Task item: Look through the data below for the line with "芝山町の芝山仁王尊下(芝山町" and the line with "laragutŠvajčiarska reprezentantka v", then transcribe exactly from the first through the second, leaving out all pictures.

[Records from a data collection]
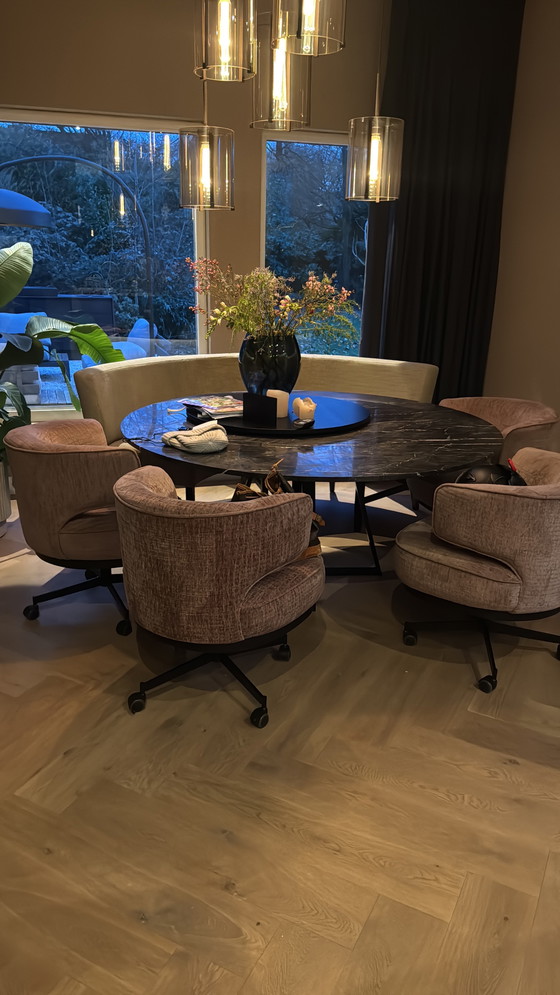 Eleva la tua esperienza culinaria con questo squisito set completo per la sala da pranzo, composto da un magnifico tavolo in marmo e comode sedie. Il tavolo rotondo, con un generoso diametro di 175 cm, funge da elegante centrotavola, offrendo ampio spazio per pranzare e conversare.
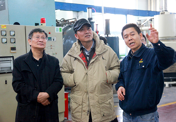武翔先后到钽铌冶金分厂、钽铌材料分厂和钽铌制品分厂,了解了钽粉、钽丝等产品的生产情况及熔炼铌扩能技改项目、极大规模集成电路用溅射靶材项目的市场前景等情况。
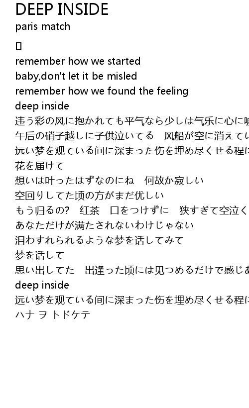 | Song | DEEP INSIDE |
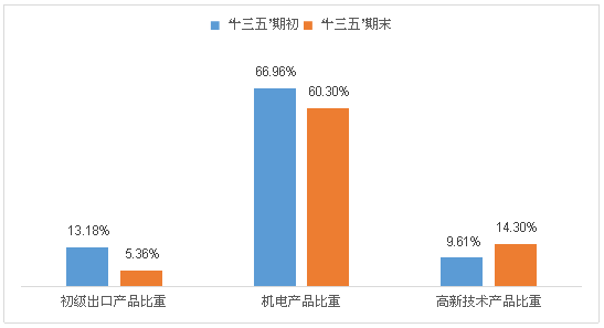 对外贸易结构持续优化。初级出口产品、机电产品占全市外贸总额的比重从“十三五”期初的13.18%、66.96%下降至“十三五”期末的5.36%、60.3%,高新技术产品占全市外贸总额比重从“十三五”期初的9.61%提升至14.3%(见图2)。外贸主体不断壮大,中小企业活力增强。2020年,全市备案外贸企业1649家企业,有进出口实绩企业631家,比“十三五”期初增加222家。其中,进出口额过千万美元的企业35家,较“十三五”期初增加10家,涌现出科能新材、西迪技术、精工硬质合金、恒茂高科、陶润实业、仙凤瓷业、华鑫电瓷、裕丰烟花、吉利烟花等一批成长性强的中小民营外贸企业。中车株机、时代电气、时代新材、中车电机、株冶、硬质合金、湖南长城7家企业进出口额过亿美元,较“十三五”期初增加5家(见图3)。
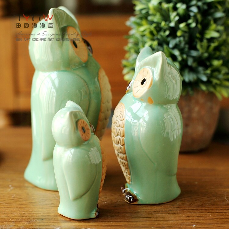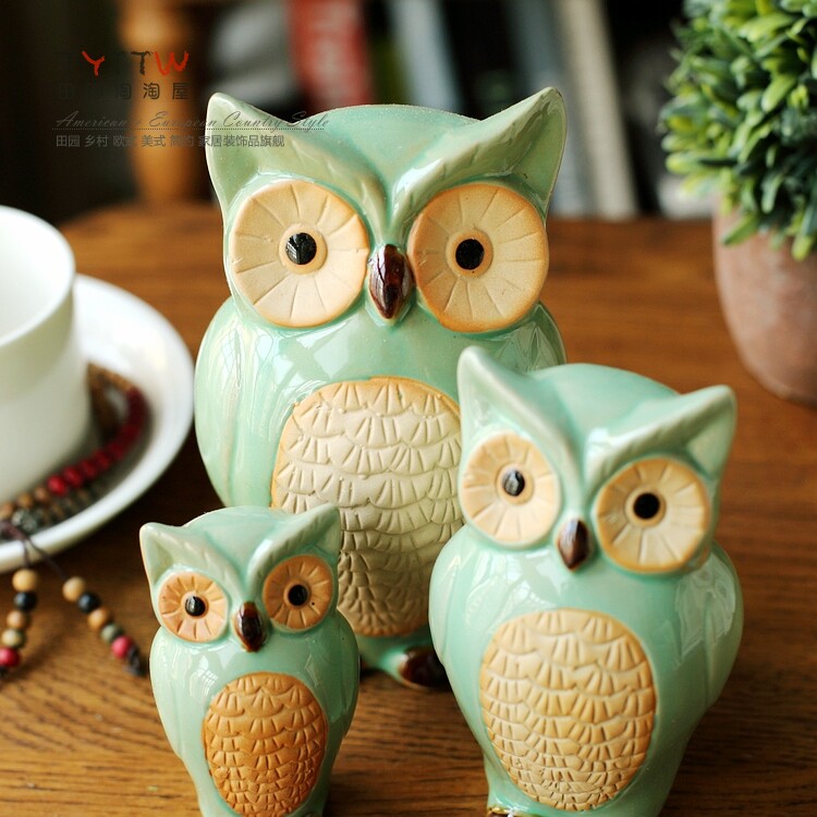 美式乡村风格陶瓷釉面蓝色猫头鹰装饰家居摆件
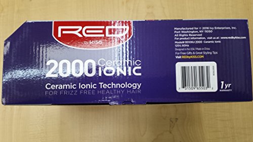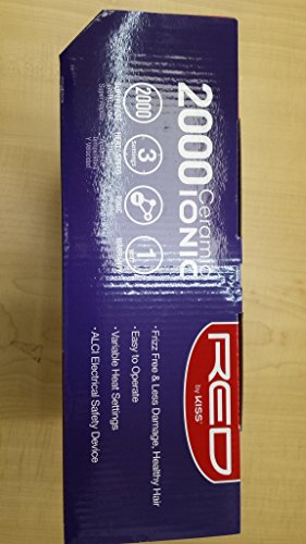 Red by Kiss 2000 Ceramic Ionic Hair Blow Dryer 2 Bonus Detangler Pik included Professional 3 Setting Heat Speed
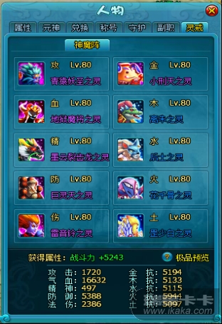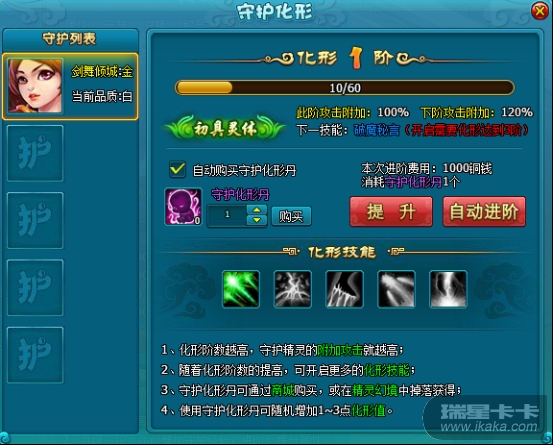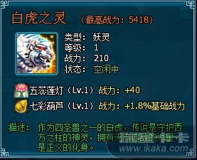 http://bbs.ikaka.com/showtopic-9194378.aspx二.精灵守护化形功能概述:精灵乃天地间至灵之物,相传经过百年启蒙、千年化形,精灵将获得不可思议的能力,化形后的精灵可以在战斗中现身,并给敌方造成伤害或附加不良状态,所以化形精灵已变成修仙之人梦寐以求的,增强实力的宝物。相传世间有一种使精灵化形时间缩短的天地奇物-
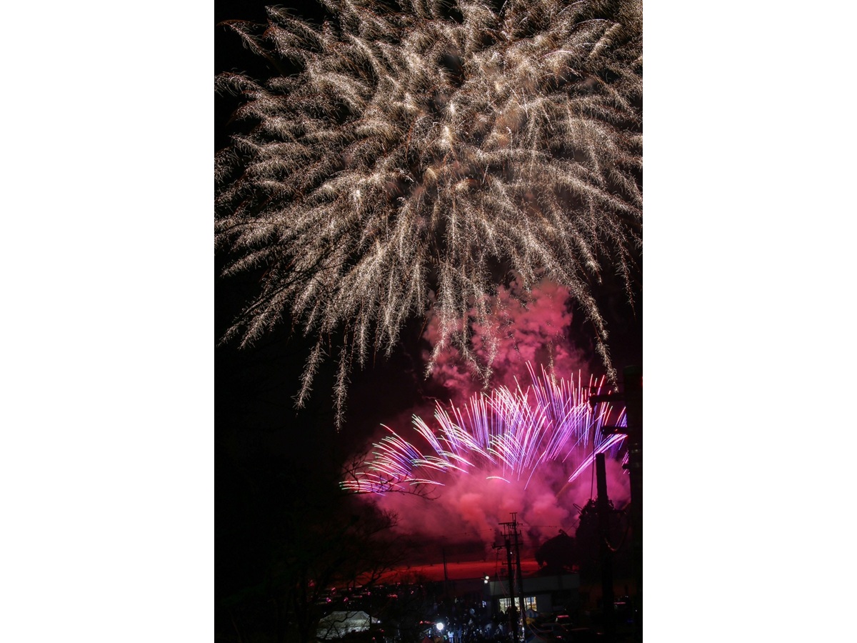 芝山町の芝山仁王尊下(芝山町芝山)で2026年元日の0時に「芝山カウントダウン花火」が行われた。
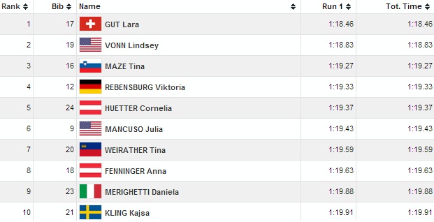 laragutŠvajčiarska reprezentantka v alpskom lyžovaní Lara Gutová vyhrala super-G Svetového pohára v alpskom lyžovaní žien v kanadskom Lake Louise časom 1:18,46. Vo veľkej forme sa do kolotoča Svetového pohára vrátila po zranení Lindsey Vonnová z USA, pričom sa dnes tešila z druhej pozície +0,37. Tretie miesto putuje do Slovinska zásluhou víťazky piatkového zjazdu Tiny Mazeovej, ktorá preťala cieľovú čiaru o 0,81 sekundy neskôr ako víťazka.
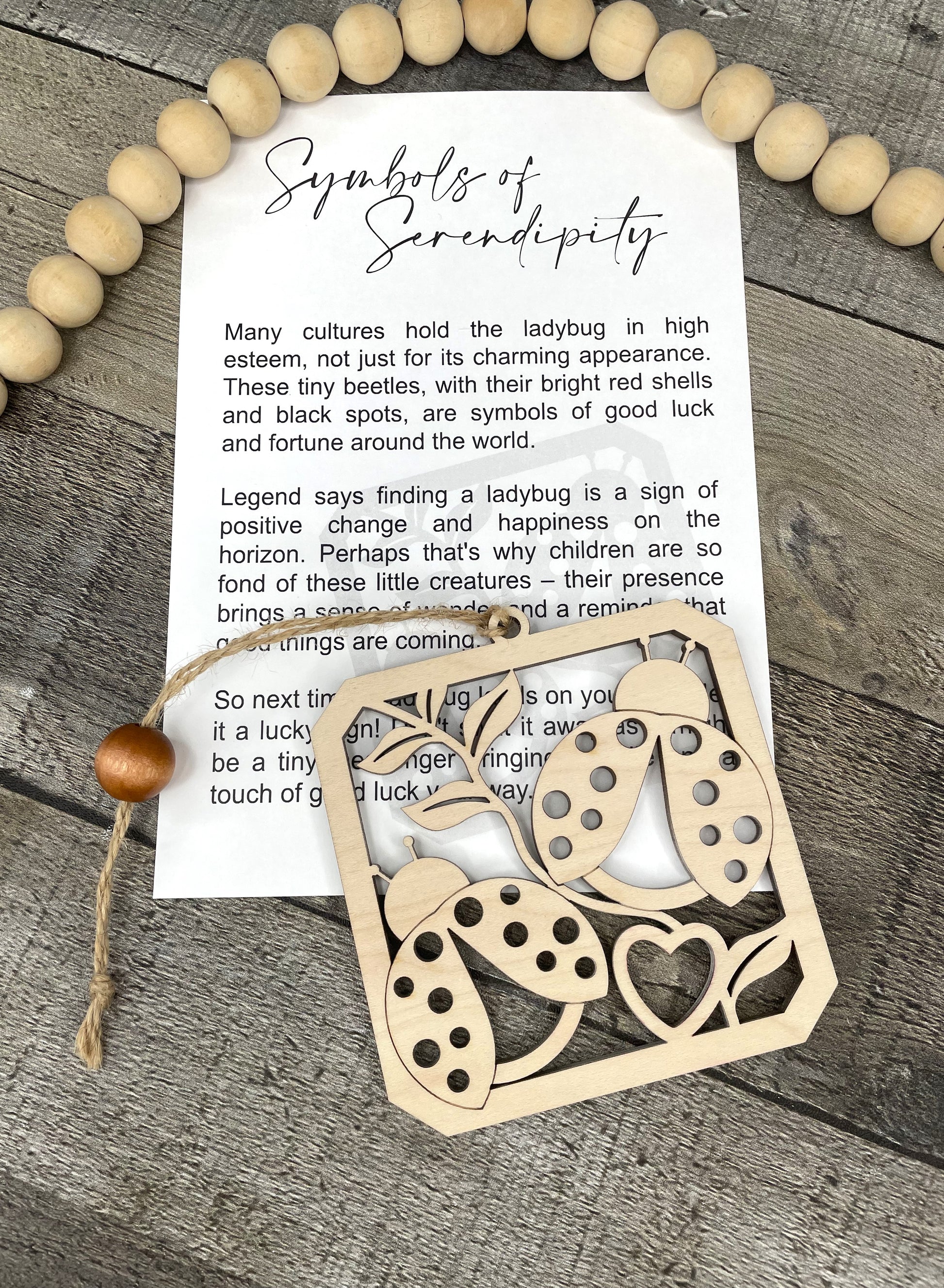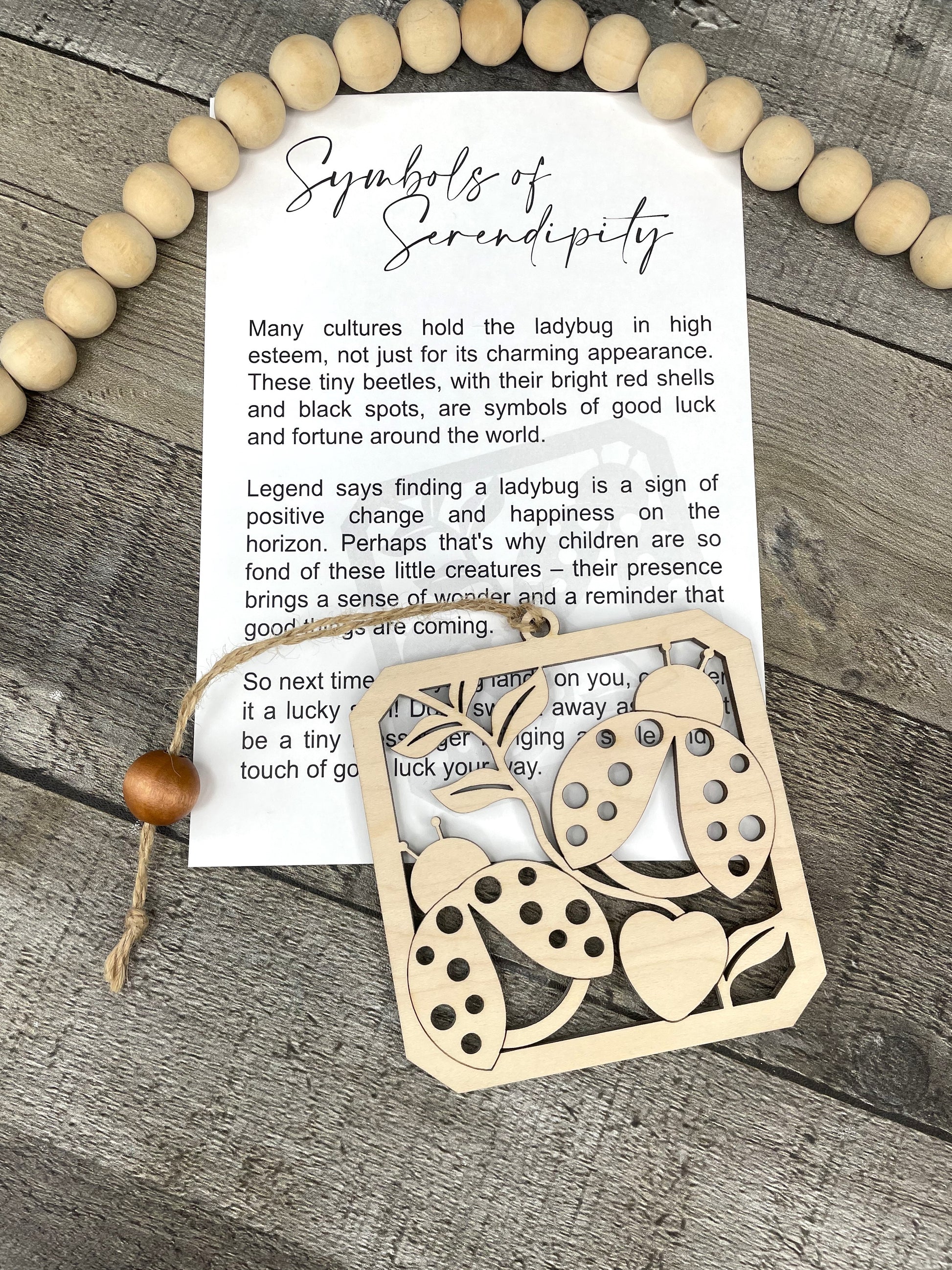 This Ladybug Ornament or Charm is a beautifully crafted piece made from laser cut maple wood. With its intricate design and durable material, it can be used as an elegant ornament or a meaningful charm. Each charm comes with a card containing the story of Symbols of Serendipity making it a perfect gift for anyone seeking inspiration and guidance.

Response area:
 芝山町の芝山仁王尊下(芝山町芝山)で2026年元日の0時に「芝山カウントダウン花火」が行われた。
 laragutŠvajčiarska reprezentantka v alpskom lyžovaní Lara Gutová vyhrala super-G Svetového pohára v alpskom lyžovaní žien v kanadskom Lake Louise časom 1:18,46. Vo veľkej forme sa do kolotoča Svetového pohára vrátila po zranení Lindsey Vonnová z USA, pričom sa dnes tešila z druhej pozície +0,37. Tretie miesto putuje do Slovinska zásluhou víťazky piatkového zjazdu Tiny Mazeovej, ktorá preťala cieľovú čiaru o 0,81 sekundy neskôr ako víťazka.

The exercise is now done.